In the same way, you can nest as many namespaces inside of other namespaces as you judge necessary.

Another technique used to nest a namespace consists of starting to create one. Then, after its name, type a period followed by a name for the nested namespace. Here is an example:

namespace Geometry.Quadrilaterals
{
    
}

After creating the nested namespace, you can access its contents by qualifying it. Here is an example:

namespace Geometry.Quadrilaterals
{
    public class Square
    {
        public double side;
    }
}

public class Exercise
{
    public static void Main()
    {
        
        Geometry.Quadrilaterals.Square sqr = new Geometry.Quadrilaterals.Square();

        sqr.side = 25.85;
    }
}

In the same way, you can nest other namespaces inside of one. Here are examples:

namespace Geometry.Quadrilaterals
{
    
}

namespace Geometry.Rounds
{
    
}

In the same way, you can create as many namespaces as necessary inside of others.

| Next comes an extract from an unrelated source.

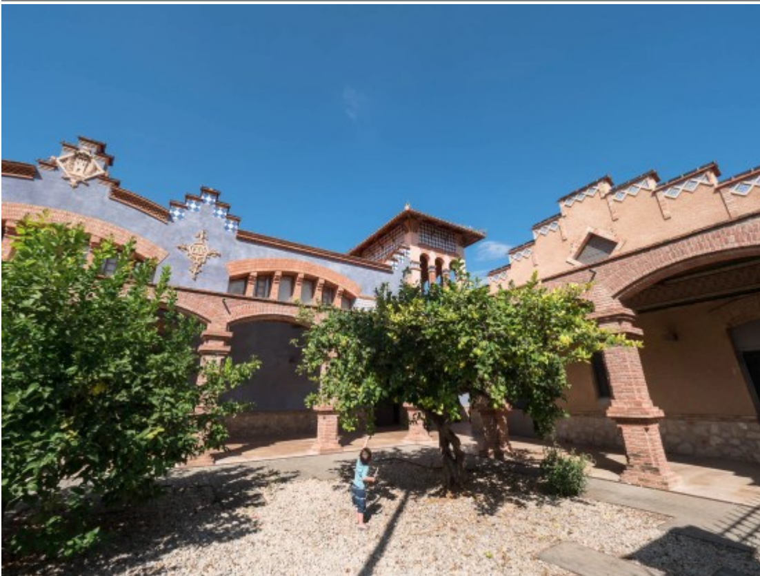
Cette architecture m'a conquise !
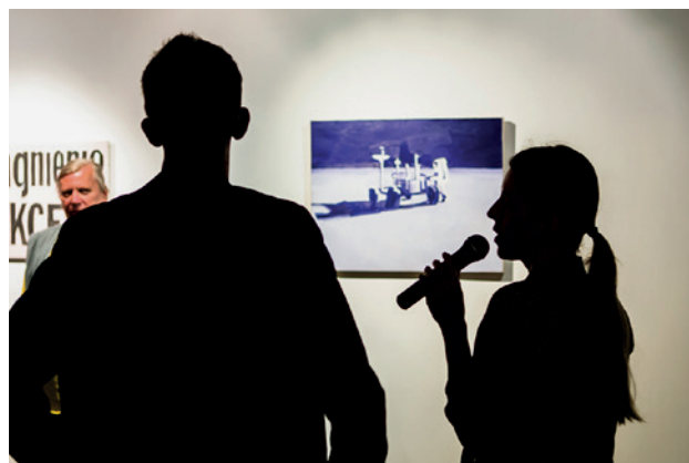
Galeria Sztuki Współczesnej w Opolu otwarcie wystawy

After nesting a namespace, to access its content, you can qualify the desired name. Here is an example:

namespace Geometry.Quadrilaterals
{
    public class Square
    {
        public double side;
    }
}

namespace Geometry.Volumes.Elliptic
{
    public class Cylinder
    {
        public double radius;
    }
}

public class Exercise
{
    public static void Main()
    {
        Geometry.Quadrilaterals.Square sqr = new Geometry.Quadrilaterals.Square();
        Geometry.Volumes.Elliptic.Cylinder cyl = new Geometry.Volumes.Elliptic.Cylinder();

        sqr.side = 25.85;
        cyl.radius = 36.85;
    }
}

ApplicationApplication: Nesting Namespaces

  1. Click the Records.cs label to access its document and change it as follows:
    namespace Store
    {
        namespace Inventory
        {
            public class StoreItem
            {
                public int itemNumber;
                public string itemName;
                public decimal unitPrice;
            }
        }
    
        namespace Personel
        {
            namespace PayrollRecords
            {
                public class Employee
                {
                    public string firstName;
                    public string lastName;
                    public decimal HourlySalary;
                }
    
                public class Contractors
                {
                    public string FullName;
                    public int ContractStatus;
                }
            }
        }
    }
  2. Access the DepartmentStore.cs file and change it as follows:
    using Supply;
    using Store.Inventory;
    
    public class DepartmentStore
    {
        static int Main()
        {
            . . . No Change
    
            return 0;
        }
    }

Class Overloading? No Way! Way

Unlike the methods of a class, you cannot overload the name of a class in a file. That is, you cannot have two classes with the same name in the same scope. One alternative is to put each class in its own namespace. Here is an example:

namespace Arithmetic
{
    public class Numbers
    {
        public int value;
    }
}

namespace Algebra
{
    public class Numbers
    {
        public int value;
    }
}

Another alternative will be available when we study generics. That is, in the same namespace, one of the classes can be a generic and the other not. Here is an example:

namespace Arithmetic
{
    public class Numbers
    {
        public int value;
    }

    public class Numbers<T>
    {
        public int value;
    }
}

ApplicationApplication: Using a Commonly Named Class

  1. Access the Suppliers.cs file and change it as follows:
    namespace Supply
    {
        public class SalesPerson
        {
            public string fullName;
            public string expertise;
            public string phoneNumber;
        }
    }
    
    namespace Manufacturers.Domestic
    {
        public class Manufacturer
        {
            public string companyName;
            public string contactName;
            public string contactPhone;
        }
    }
    
    namespace Manufacturers.Foreign.Asia
    {
        public class Manufacturer
        {
            public string country;
            public string companyName;
            public string contactName;
            public string contactPhone;
            public string webSite;
        }
    }
  2. Access the DepartmentStore.cs file and change it as follows:
    using Supply;
    using Manufacturers.Foreign.Asia;
    using Store.Inventory;
    
    public class DepartmentStore
    {
        static int Main()
        {
            . . . No Change
    
            return 0;
        }
    }

The Alias of a Namespace

If you have to access a namespace that is nested in another namespace, that too is nested, that is also nested, etc, the access can be long. As an alternative, you can create a shortcut that makes it possible to access a member of the nested namespace with a shorter label. That shortcut is called an alias. To create an alias for a namespace, in the top section where the inside member is needed, type using, followed by the desired name, followed by =, followed by the complete namespace. After doing this, you can then use the alias in place of the namespace.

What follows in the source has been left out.